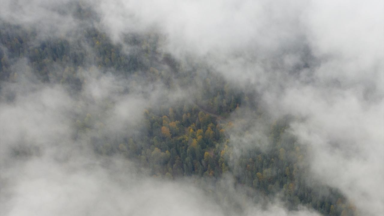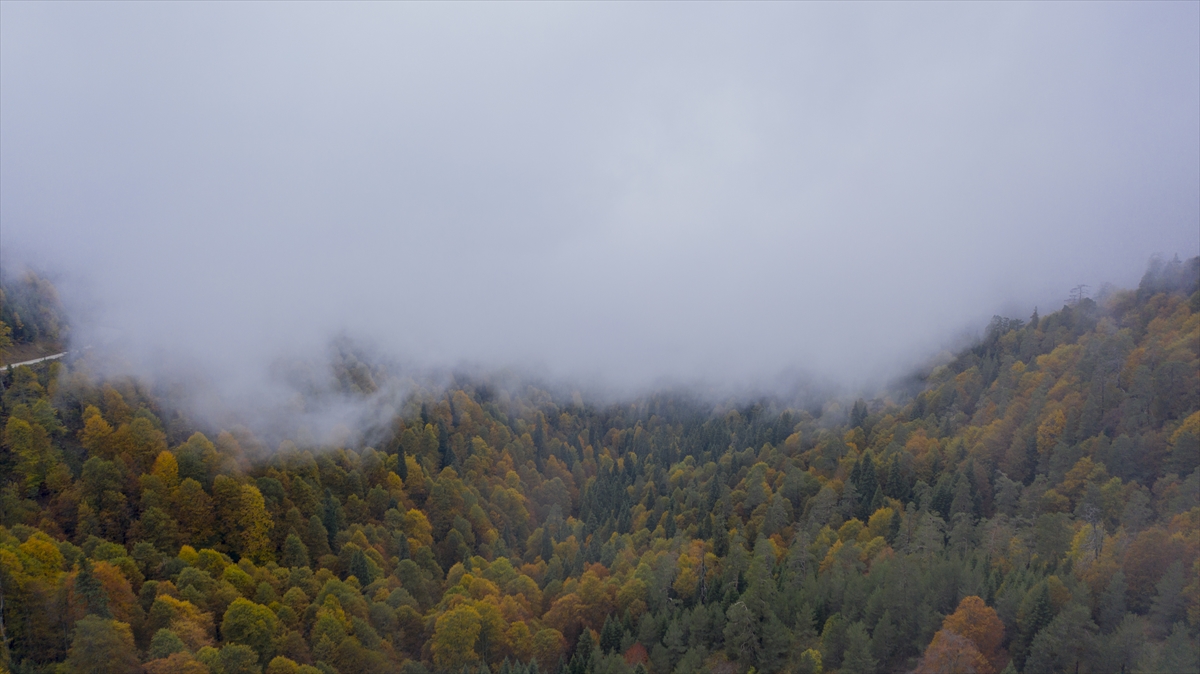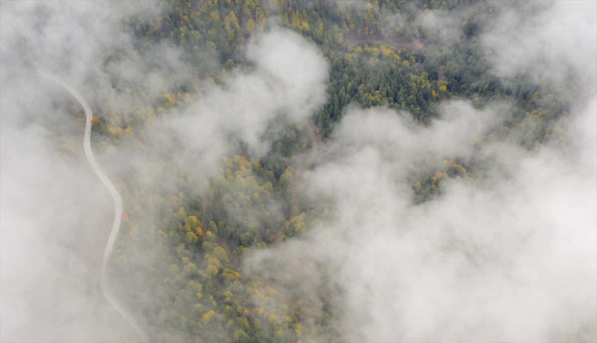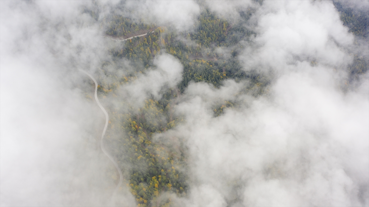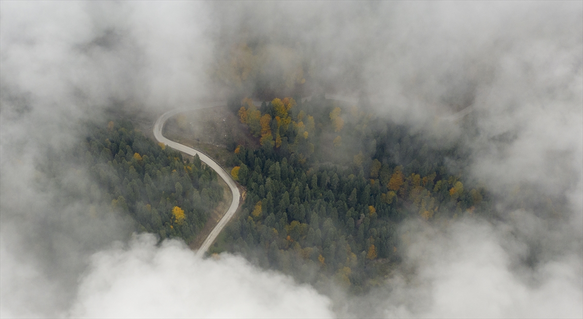 Yedigöller Milli Parkı yolu üzerinde bulunan Ayıkayası mevkisinde etkili olan sis dronla görüntülendi.
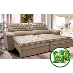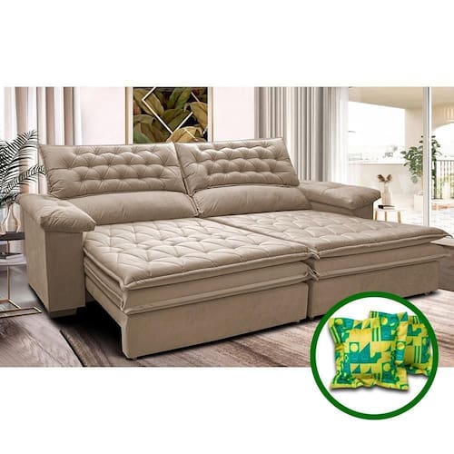 Sofá Retrátil E Reclinável 2,12m Molas Ensacadas Cama Inbox Alemanha De Viscoelástico Velusoft Bege
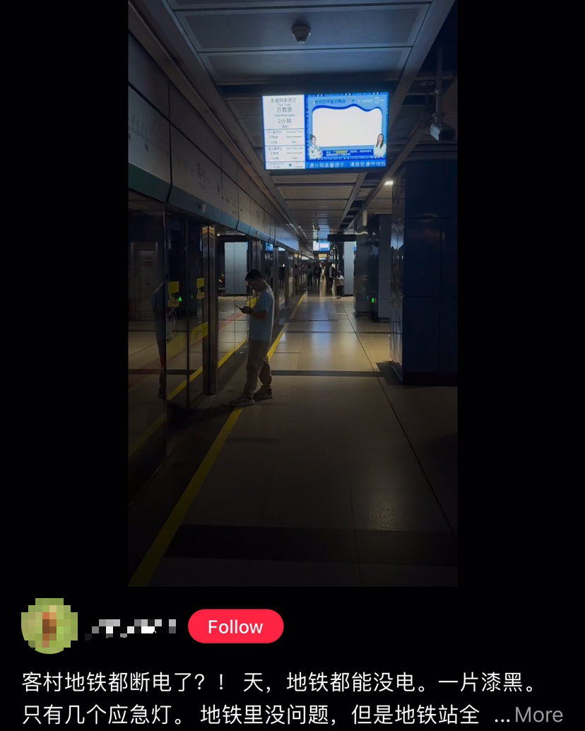 3月19日晚,社交媒体有视频显示,广州地铁八号线客村站照明失常,站台仅余零星灯光,乘客如同“秉烛夜游”。视频中,列车运行正常,电视和广播系统亦无异样,乘客虽然不明就里,但仍然低头淡定刷手机,或是好奇拍摄记录,闲庭信步,现场秩序井然。
• • • • • • •
* [What you will do]
Please write out exactly the lines from the one holding "Sofá Retrátil E" through the last line of the material above, both included, as a copy without pictures.

* [Solution to this exercise]
 Sofá Retrátil E Reclinável 2,12m Molas Ensacadas Cama Inbox Alemanha De Viscoelástico Velusoft Bege
 3月19日晚,社交媒体有视频显示,广州地铁八号线客村站照明失常,站台仅余零星灯光,乘客如同“秉烛夜游”。视频中,列车运行正常,电视和广播系统亦无异样,乘客虽然不明就里,但仍然低头淡定刷手机,或是好奇拍摄记录,闲庭信步,现场秩序井然。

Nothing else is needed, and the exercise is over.